4.2.4 MAIN FRAME DETIK.COM Analisis :
Define Problems. Detik.com memandang kasus pengklaiman ini sebagai
kasus yang hendaknya diselesaikan dengan benar, karena Indonesia sendiri memiliki landasan hukum yang lemah. Berdasarkan Undang-Undang Nomor 19
Tahun 2002 tentang Hak Cipta, pada Pasal 10 Ayat 2 disebutkan, negara memegang hak cipta atas folklor dan hasil kebudayaan rakyat yang jadi milik
bersama, di antaranya cerita, hikayat, dongeng, legenda, tarian, koreografi, kaligrafi, dan karya seni lainnya.
Berdasarkan kewenangan itu, pemerintah bisa melakukan publikasi multimedia secara internasional secara besar-besaran, baik melalui televisi, internet, media
luar ruang maupun buku-buku mengenai seni budaya.
Dari berita diatas yang menjadi korpus Detik.com, narasumber antara lain Dirjen Nilai Kebudayaan Seni dan Film Departemen Kebudayaan dan
Pariwisata Tjetjep Suparman, Menteri Luar Negeri Hassan Wirajuda, Presiden SBY serta Juru Bicara Deplu Tengku Faizasyah, mendapat porsi yang luas untuk
menyatakan pendapatnya. Sedangkan dari pihak pemerintah Malaysia diberi porsi sedikit. Dari pembagian porsi berita ini jelas sekali bahwa Detik.com memandang
kasus klaim kebudayaan sebagai kasus yang cukup patut diberi perhatian khusus.
Diagnose Causes. Dalam keseluruhan berita Detik.com, kesalahpahaman
masyarakat Indonesia terhadap Malaysia sebagai penyebab masalah. Disini letak awal masalah bukan pada murni kesalahan dari Malaysia. Masalah sebaliknya,
diletakkan pada production house PH yang memproduksi Iklan Visit Year tersebut.
Dari informasi yang diperoleh tampaknya pemerintah Malaysia tidak tahu-menahu. Tapi ini merupakan karya
suatu production house. Judul: “Deplu: Ada Upaya Korektif dari Pihak Malaysia”

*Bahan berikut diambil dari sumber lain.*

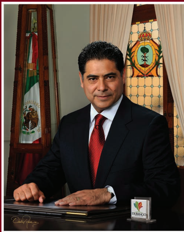
C.P. Jorge Herrera Caldera Gobernador Constitucional del Estado de Durango
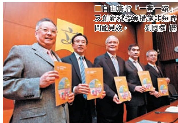
自由黨指「一帶一路」及創新科技等措施非短時間能見效。

香港文匯報訊(記者 鄭治祖)特首梁振英發表任內第四份施政報告，民建聯、經民聯等多個建制派政黨和議員，昨日先後肯定報告提出特首本人主持督導委員會推動「一帶一路」，能為香港明確把握國家「一帶一路」機遇，有利香港拓新發展，值得支持。報告在民生問題上亦能兼顧社會各階層訴求，積極務實，為本港長遠發展勾畫更清晰藍圖，期望梁振英在餘下任期繼續根據報告依法施政，為香港奠下長遠基礎。
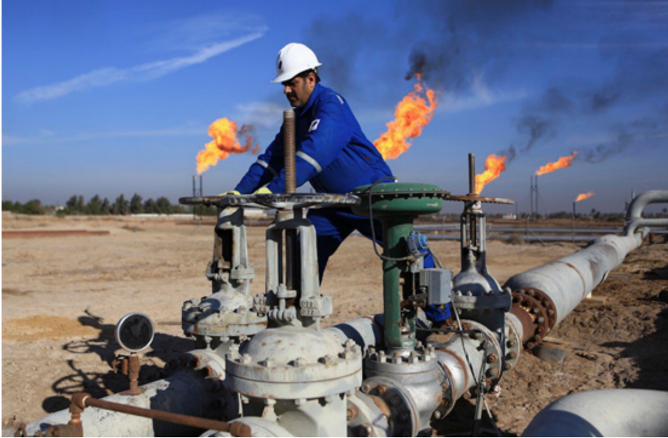
حقول النفط العراقية

ووفقاً للإدارة فإن كمية الاستيرادات الأمريكية من النفط الخام من نيجيريا بلغت 169 ألف برميل يومياً. تليها كولومبيا التي بلغت الاستيرادات منها 143 ألف برميل يومياً. تليها الأكوادور التي بلغت الاستيرادات منها 96 ألف برميل يومياً. وانخفضت أسعار النفط للجلسة الثانية على التوالي، مع صعود الدولار بفضل احتمال زيادة أسعار الفائدة في الولايات المتحدة.
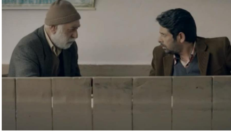
Resim 42. Bir Seveda İşi, Köydeki Erkeklerin Giyimi

Filmde geçen kostümlere bakıldığında; erkekler gömlek, süveter, yelek ve üstlerine ceket giymektedirler. Bazı köy büyüklerinin kafasına da takke taktığı görülür. Kadınlar ise başörtü olarak yazma, basma etek ve üstlerine şal almıştır. Türk kültüründeki köy giyimini yansıtmaları bakımından filmde tutarlı kostümler seçilmiştir.
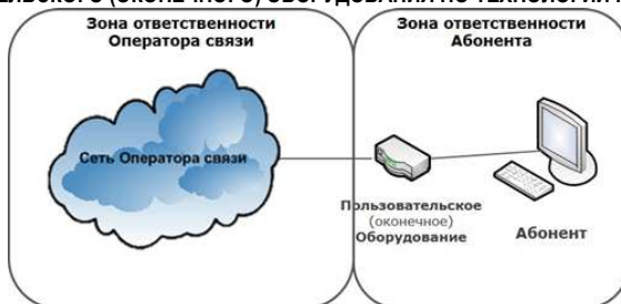
СХЕМА ВКЛЮЧЕНИЯ ПОЛЬЗОВАТЕЛЬСКОГО (ОКОНЕЧНОГО) ОБОРУДОВАНИЯ ПО ТЕХНОЛОГИИ WNGN
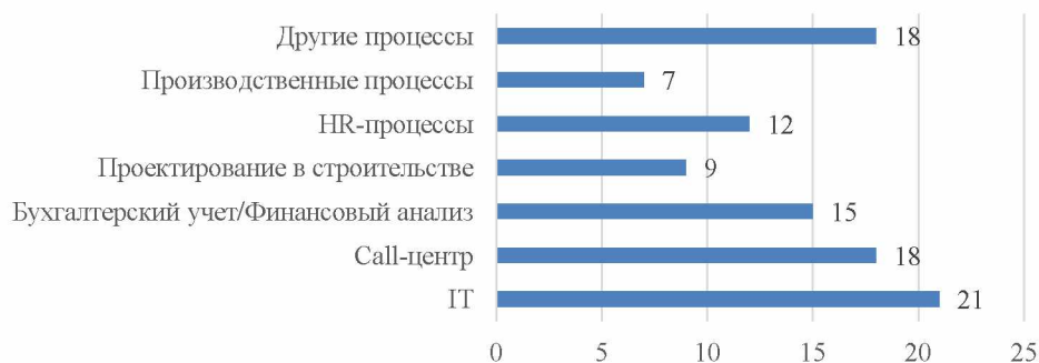
Рисунок 1 – Распределение видов бизнес-процессов, передаваемых на аутсорсинг в 2020 году, % Примечание: Источник – Собственная разработка с использованием данных Национального статистического комитета Республики Беларусь

2. В структуре аутсорсинга бизнес-процессов наибольший удельный вес занимают ИТ-услуги. В 2020 г. – около 21% (рис. 1):
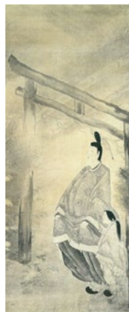
重美「源氏物語 野々宮図」 出光美術館【8/13~8/28】
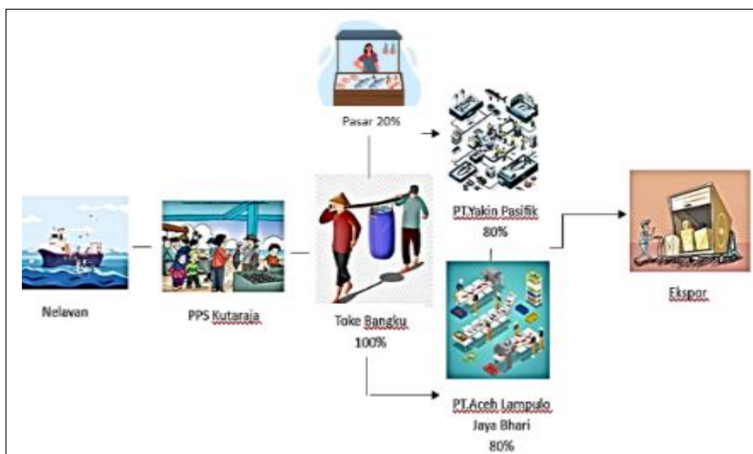
Figure 1. Tuna supply chain at PPS Kutaraja, Lampulo, Banda Aceh

Struktur supply chain ikan tuna di PPS Kutaraja sangat dibutuhkan untuk menjamin keberhasilan distribusi produk secara tepat, baik serta kuantitas maupun kualitas. Secara umum, pelaku supply chain ikan tuna di PPS Kutaraja terdiri dari nelayan, pengumpul ( toke bangku ), supplier, pengecer. Salah satu faktor kunci dalam penentuan proses pengendalian mutu adalah rantai pasok ( supply chain ), yang melibatkan distribusi barang dari produksi ikan di atas kapal hingga produk diterima oleh perusahaan (Gambar 1). Penanganan produk pada tiap tahap distribusi ini merupakan titik kritis yang akan mempengaruhi mutu produk tuna loin ketika sampai di perusahaan dan dilakukan proses sortasi mutu ( grading ) (Jati et al , 2014).
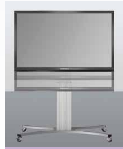
Höhenverstellbar im Tafelmodus
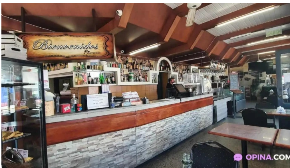
Montevideo retro ambiente
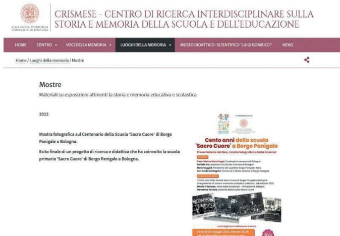
Fig. 7. Presentazione dell'attività sul sito del CENTRO di Ricerca Interdisciplinare sulla Storia e MEMoria della Scuola e dell'Educazione – CRIMESE
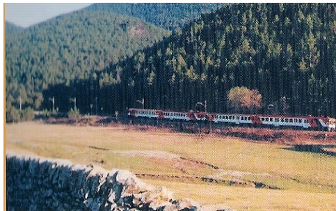
2002, un comboi de dos automotors de la sèrie 440 travessa la vall de les Pletases, al costat del dolmen del Paborde
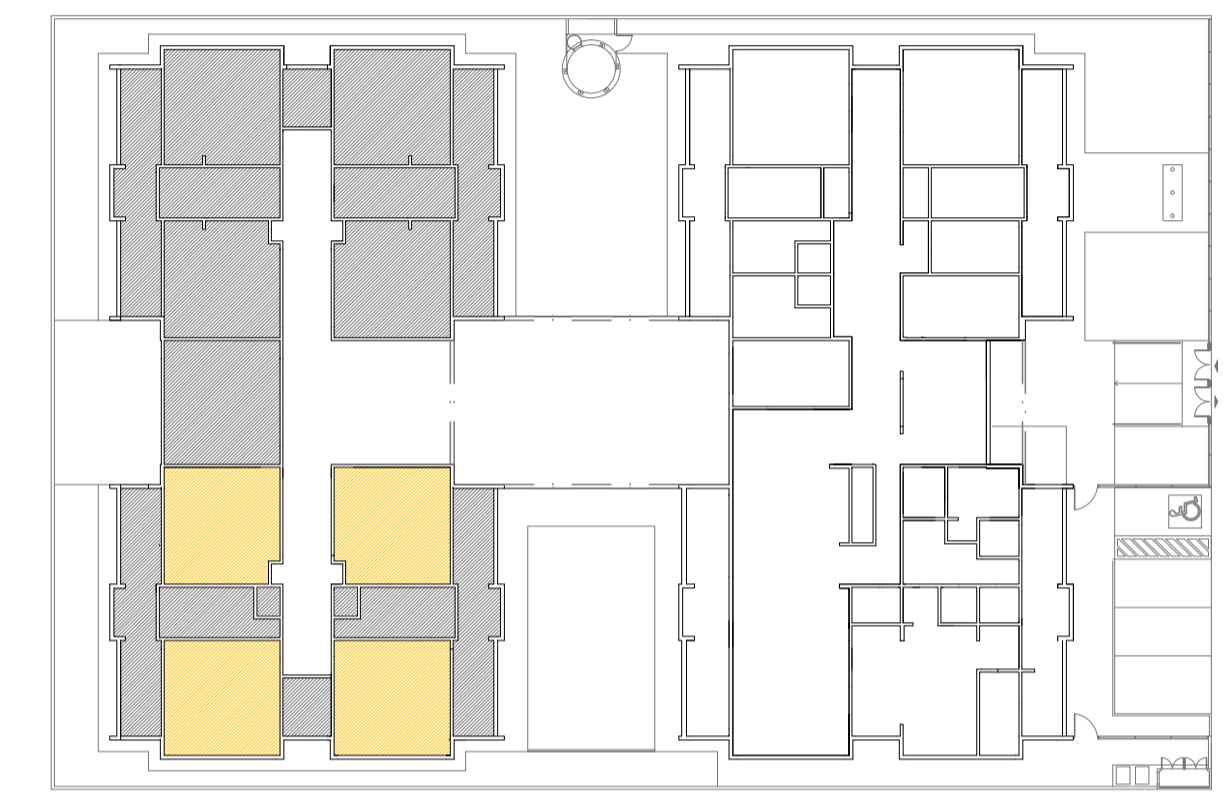
CROQUI DE REFERÊNCIA
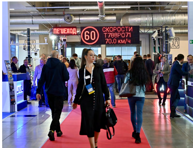
Выставка «Дорога 2024», прошедшая в МВЦ «Екатеринбург-Экспо», собрала рекордное число участников.

автодора Роман Новиков напомнил, что в этом году завершается его реализация и все целевые показатели были достигнуты.
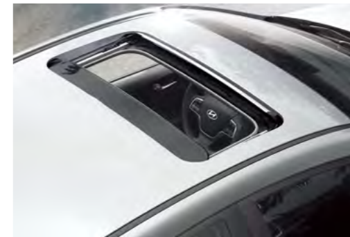
Cửa sổ trời điều khiển điện (Với phiên bản AT Đặc Biệt)
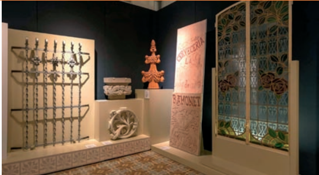
L'exposició es podrà visitar al Museu Abelló fins al 24 de gener

"La natura, la font de la inspiració" és el primer dels quatre àmbits en què s'estructura la mostra i s'hi analitza el procés creatiu dels artistes per capturar la imatge de les plantes i les flors. Es detalla l'estudi directe del món vegetal com a exercici d'observa-
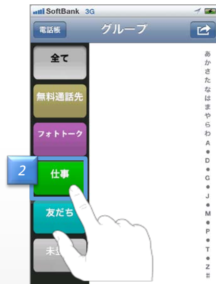
グループ一覧画面
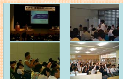
地域タウンミーティングの様子
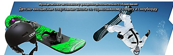
ДЮСШ по горнолыжному спорту и сноуборду (образование)

Iklan dari Discovery sudah dicabut, mereka akan mencabutnya hari ini dan tidak akan menayangkan
kembali. Judul: “Discovery Channel Cabut Iklan Tari Pendet Malaysia”
Dari kutipan berita tersebut, kelihatan bahwa segala hal mengarah pada keseriusan pemerintah Malaysia dalam menyelesaikan tuduhan pengklaiman
kebudayaan milik Indonesia. Terlebih ketika Discovery Channel mencabut Iklan Tari Pendet Malaysia. Keputusan ini diambil agar hubungan bilateral antara
Indonesia dengan Malaysia tidak terganggu. Jadi kasus pengklaiman budaya sudah tidak ada lagi.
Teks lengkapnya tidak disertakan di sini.